# Is a Graco power roller worth it?



## Indianabob (Oct 16, 2007)

I have a Graco 395 and was wondering if it makes any sense to purchase the power roller for it. It seems like the amount of time it takes to clean up wouldn't be worth it vs. just rolling. Does anyone have any recommendations?


----------



## painter jeff (Dec 5, 2007)

very much worth it


----------



## slickshift (Jun 14, 2005)

*It depends...*

What are you going to use it for?
What do you need it to do?

It could be worth it, but not for the occasional closet re-paint

It's a production tool
The guys that can work it can kick butt production-wise

But, yeah, clean-up and all that
You wouldn't whip it out fr a room here or a room there


----------



## plazaman (Apr 17, 2005)

Slick, if i had to prime a 2200 sq. ft house 3 bed room, plus basement, i would have to mask all windows, etc... when i spray I would have 1 sprayer, and 1 man back roll. 
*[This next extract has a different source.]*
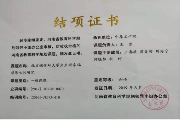 2.河南省哲学社会科学规划项目结项证书
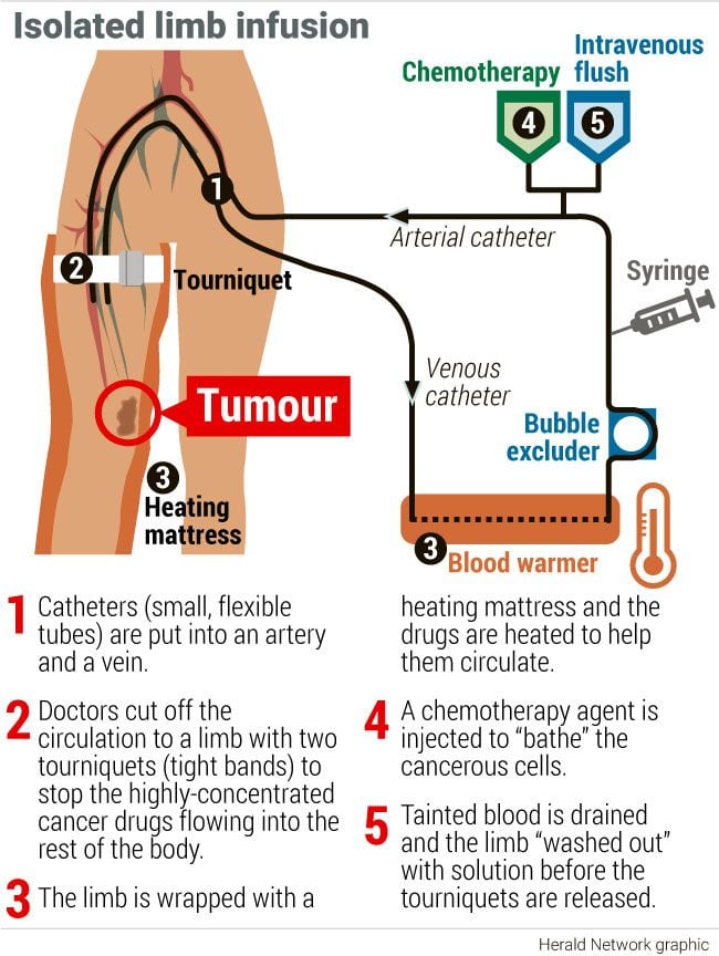 Essentially, a concentrated dose of chemotherapy is injected into the leg while it is cut off from the rest of the body’s blood circulation with a tourniquet, bathing the cancer cells, and after the drug is “washed out” the tourniquet is released.

Would it be wise on this particular house to purchase a power roller and just leave a guy to roll all day? 

Now i see they have 2 different types, 1 that actually sprays onto the wall just as a regular gun with a roller attached, and the other 1 i think its called a pressure fed roller. Which rollers are you guys referring to?


----------



## plazaman (Apr 17, 2005)

anyone?


----------



## Indianabob (Oct 16, 2007)

Thanks for your suggestions. I only do small apartments and homes, and I have heard both pro and con about a power roller. Most of the guys I know don't think it saves much time in the long run. Hopefully a few more guys will weigh in and give their advise.


----------



## NEPS.US (Feb 6, 2008)

Indianabob said:


> Thanks for your suggestions. I only do small apartments and homes, and I have heard both pro and con about a power roller. Most of the guys I know don't think it saves much time in the long run. Hopefully a few more guys will weigh in and give their advise.


Not worth it for that type of application. I've used it when rolling long stretches...like school hallways..1 color...100-500 ft stretches..... Go buy a 18" kit.


----------